## INSTRUCTIONS FOR THE TASK
Give back exactly the lines of the material below that start at the line containing "PHYLIAN Sonic Toothbrushes" and end at the line containing "5. 预售完成,正式直通车操", and no others.

## MATERIAL FOR THIS TASK
---

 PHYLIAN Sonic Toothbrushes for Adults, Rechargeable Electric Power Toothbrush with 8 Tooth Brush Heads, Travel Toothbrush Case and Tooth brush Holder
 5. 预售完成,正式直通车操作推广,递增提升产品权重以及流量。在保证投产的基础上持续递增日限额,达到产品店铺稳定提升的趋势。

---

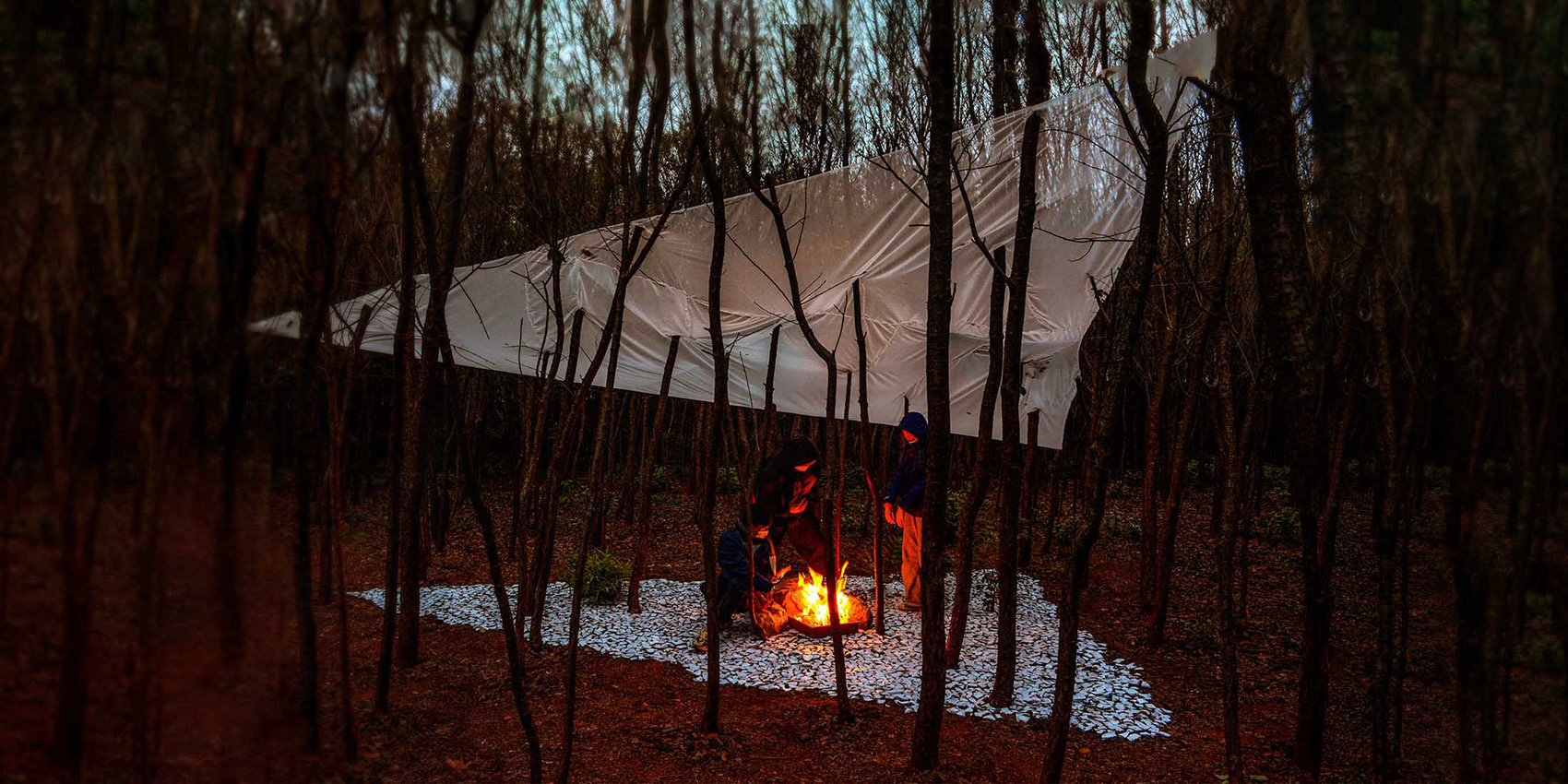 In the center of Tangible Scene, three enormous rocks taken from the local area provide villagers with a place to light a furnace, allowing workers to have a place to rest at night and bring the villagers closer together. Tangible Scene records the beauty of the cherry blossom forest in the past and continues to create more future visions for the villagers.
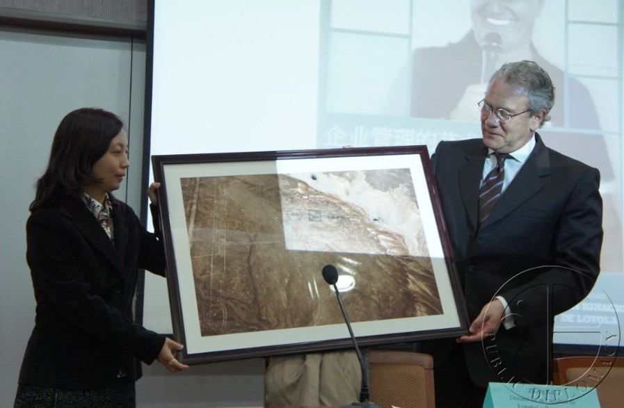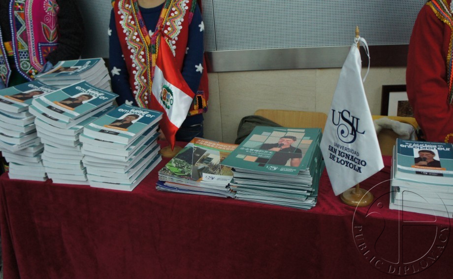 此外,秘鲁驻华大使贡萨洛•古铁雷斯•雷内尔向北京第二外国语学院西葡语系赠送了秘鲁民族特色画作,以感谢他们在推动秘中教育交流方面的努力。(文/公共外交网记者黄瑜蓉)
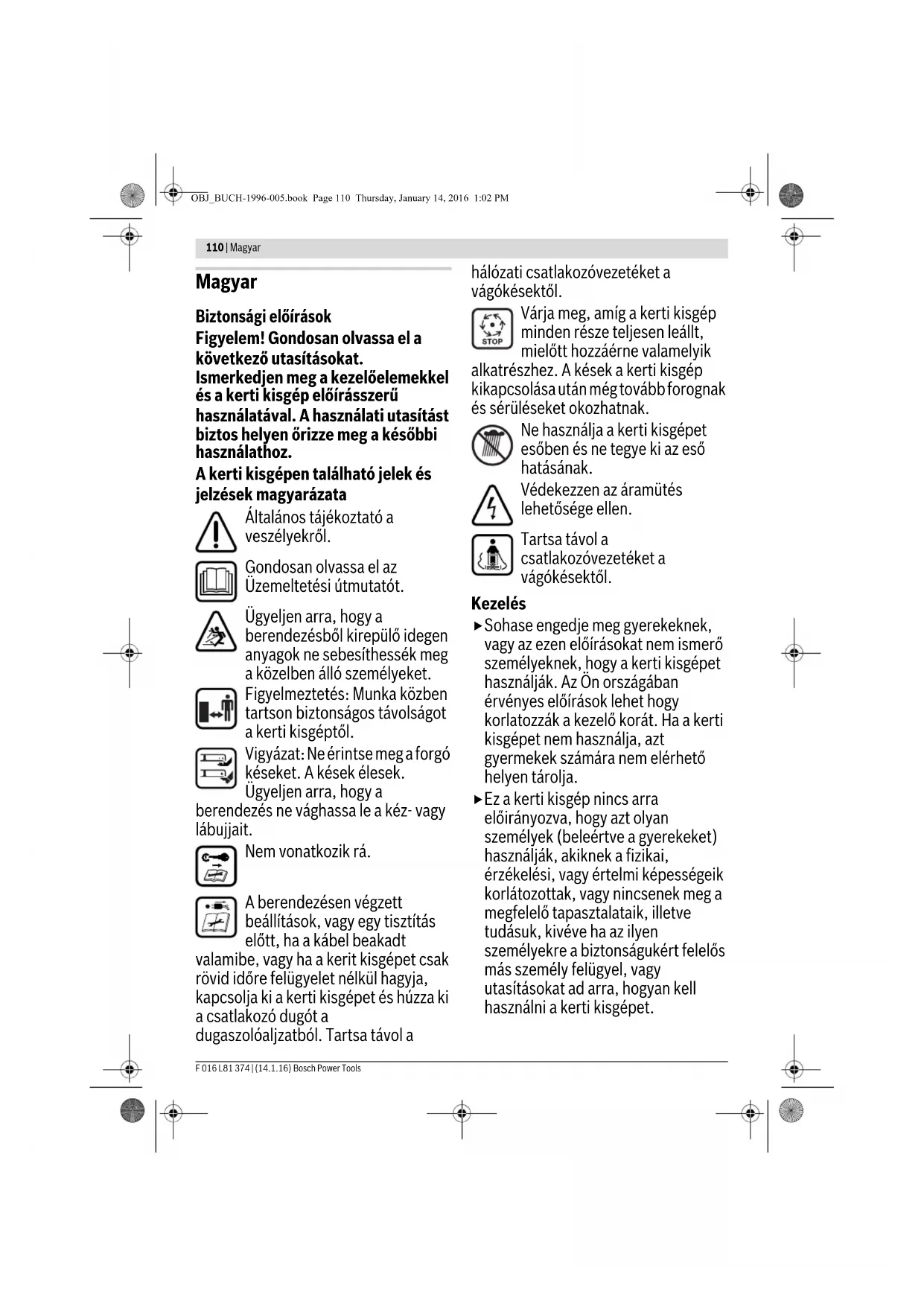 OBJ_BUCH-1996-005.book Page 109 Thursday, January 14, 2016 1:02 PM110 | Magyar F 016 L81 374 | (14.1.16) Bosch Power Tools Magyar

---

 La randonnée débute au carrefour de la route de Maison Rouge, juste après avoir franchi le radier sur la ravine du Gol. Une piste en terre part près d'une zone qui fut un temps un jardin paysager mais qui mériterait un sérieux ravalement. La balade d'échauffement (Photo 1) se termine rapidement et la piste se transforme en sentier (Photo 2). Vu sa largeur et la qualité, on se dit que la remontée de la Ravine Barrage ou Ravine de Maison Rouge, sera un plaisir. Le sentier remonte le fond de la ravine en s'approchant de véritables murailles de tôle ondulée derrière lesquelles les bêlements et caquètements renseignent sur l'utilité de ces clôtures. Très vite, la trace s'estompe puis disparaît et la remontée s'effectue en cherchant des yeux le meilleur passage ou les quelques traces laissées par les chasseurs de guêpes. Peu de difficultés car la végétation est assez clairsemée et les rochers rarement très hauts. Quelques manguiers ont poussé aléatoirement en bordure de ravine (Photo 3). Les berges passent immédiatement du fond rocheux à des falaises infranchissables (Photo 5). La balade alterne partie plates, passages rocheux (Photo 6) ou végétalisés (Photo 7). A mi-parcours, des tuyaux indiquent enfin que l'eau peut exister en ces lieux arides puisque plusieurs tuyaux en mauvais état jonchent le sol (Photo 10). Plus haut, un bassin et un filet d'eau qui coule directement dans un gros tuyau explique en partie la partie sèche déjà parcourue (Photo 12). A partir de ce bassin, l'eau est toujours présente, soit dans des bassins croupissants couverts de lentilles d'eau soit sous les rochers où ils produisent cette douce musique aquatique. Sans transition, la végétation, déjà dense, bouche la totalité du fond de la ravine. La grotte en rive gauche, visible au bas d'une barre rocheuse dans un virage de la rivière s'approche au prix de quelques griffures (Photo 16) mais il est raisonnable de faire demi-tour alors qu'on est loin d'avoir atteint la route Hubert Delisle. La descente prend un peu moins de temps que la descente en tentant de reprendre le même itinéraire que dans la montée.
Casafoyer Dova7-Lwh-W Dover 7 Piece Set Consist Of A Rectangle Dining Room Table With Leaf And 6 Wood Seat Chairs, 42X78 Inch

---

## TASK ANSWER
 PHYLIAN Sonic Toothbrushes for Adults, Rechargeable Electric Power Toothbrush with 8 Tooth Brush Heads, Travel Toothbrush Case and Tooth brush Holder
 5. 预售完成,正式直通车操作推广,递增提升产品权重以及流量。在保证投产的基础上持续递增日限额,达到产品店铺稳定提升的趋势。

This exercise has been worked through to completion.